WORK TO BE COMPLETED =>
With the images removed, reproduce each entry below word for word.

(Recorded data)
= = = = =
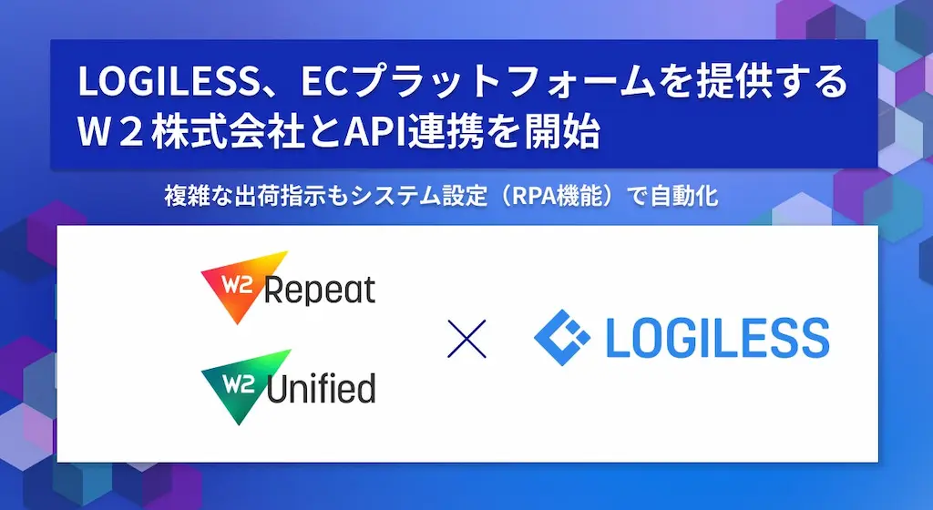 株式会社ロジレス(本社:東京都品川区、代表取締役:足立直之)が提供するEC自動出荷システム「LOGILESS」は、W2株式会社(本社:東京都中央区、代表取締役:山田大樹、以下W2)が展開するECプラットフォーム「W2 Unified」「W2 Repeat」と連携を開始したことをお知らせします。この連携により、W2のプラットフォームを利用するEC事業者様は、反復業務である受注・出荷・在庫管理の業務の自動化や複数拠点からの出荷が可能になります。
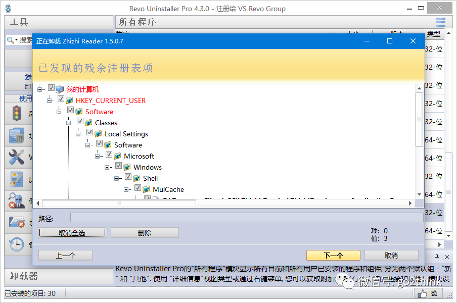 支持软件和 UWP 应用的卸载,查看软件注册表和安装目录等。
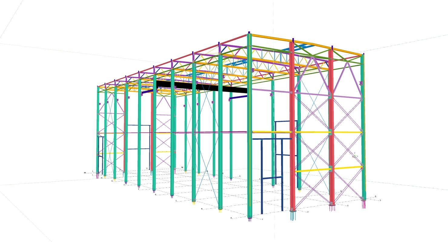 Designed by MAXWELL in 2025, this Industrial project highlights our design approach in Norway. Measuring 76m x 33.3m x 11.5m, the project incorporates Connection FEM design, Full FEM design, Production drawings, Tekla modelling to achieve the result.
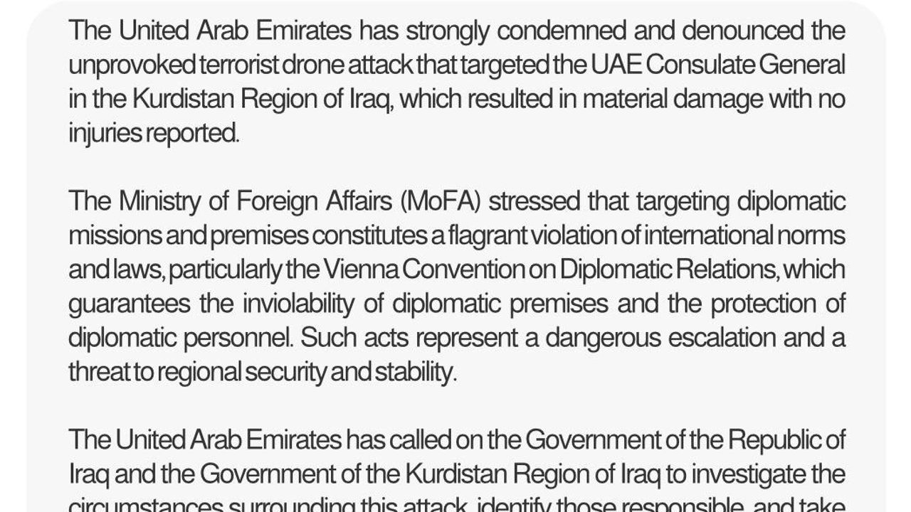 Birleşik Arap Emirlikleri (BAE) Dışişleri Bakanlığı, Kürt Bölgesel Yönetimi'ndeki BAE Başkonsolosluğu'na insansız hava aracı (İHA) saldırısı düzenlendiğini duyurarak, 'Herhangi bir can kaybına yol açmayan, ancak maddi hasara neden olan bu terörist İHA saldırısını şiddetle kınıyoruz' açıklamasında bulundu.
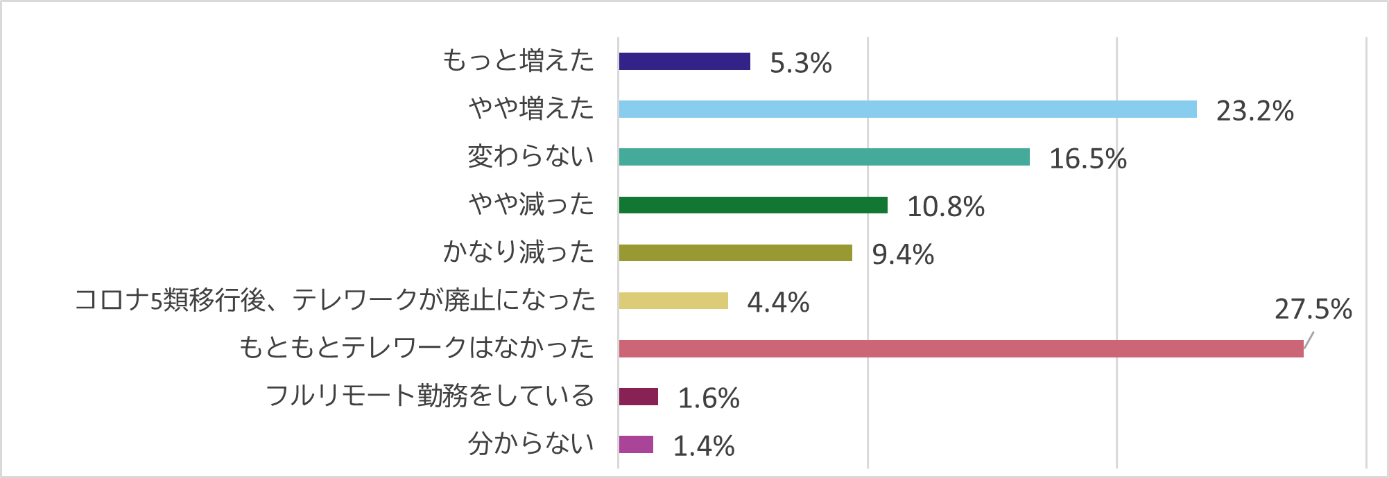 【質問】あなたの会社では、コロナ5類移行前(~2023年5月)と比べて、テレワークの比率に変化はありましたか。
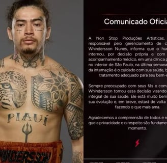 "Sempre preocupado com os fãs e com o público, Whindersson tomou essa decisão visando o cuidado integral de sua saúde. Ele está muito bem, feliz com sua evolução, e, em breve, estará de volta aos palcos fazendo o que mais ama", continuou.
= = = = =
REPLY =>
 株式会社ロジレス(本社:東京都品川区、代表取締役:足立直之)が提供するEC自動出荷システム「LOGILESS」は、W2株式会社(本社:東京都中央区、代表取締役:山田大樹、以下W2)が展開するECプラットフォーム「W2 Unified」「W2 Repeat」と連携を開始したことをお知らせします。この連携により、W2のプラットフォームを利用するEC事業者様は、反復業務である受注・出荷・在庫管理の業務の自動化や複数拠点からの出荷が可能になります。
 支持软件和 UWP 应用的卸载,查看软件注册表和安装目录等。
 Designed by MAXWELL in 2025, this Industrial project highlights our design approach in Norway. Measuring 76m x 33.3m x 11.5m, the project incorporates Connection FEM design, Full FEM design, Production drawings, Tekla modelling to achieve the result.
 Birleşik Arap Emirlikleri (BAE) Dışişleri Bakanlığı, Kürt Bölgesel Yönetimi'ndeki BAE Başkonsolosluğu'na insansız hava aracı (İHA) saldırısı düzenlendiğini duyurarak, 'Herhangi bir can kaybına yol açmayan, ancak maddi hasara neden olan bu terörist İHA saldırısını şiddetle kınıyoruz' açıklamasında bulundu.
 【質問】あなたの会社では、コロナ5類移行前(~2023年5月)と比べて、テレワークの比率に変化はありましたか。
 "Sempre preocupado com os fãs e com o público, Whindersson tomou essa decisão visando o cuidado integral de sua saúde. Ele está muito bem, feliz com sua evolução, e, em breve, estará de volta aos palcos fazendo o que mais ama", continuou.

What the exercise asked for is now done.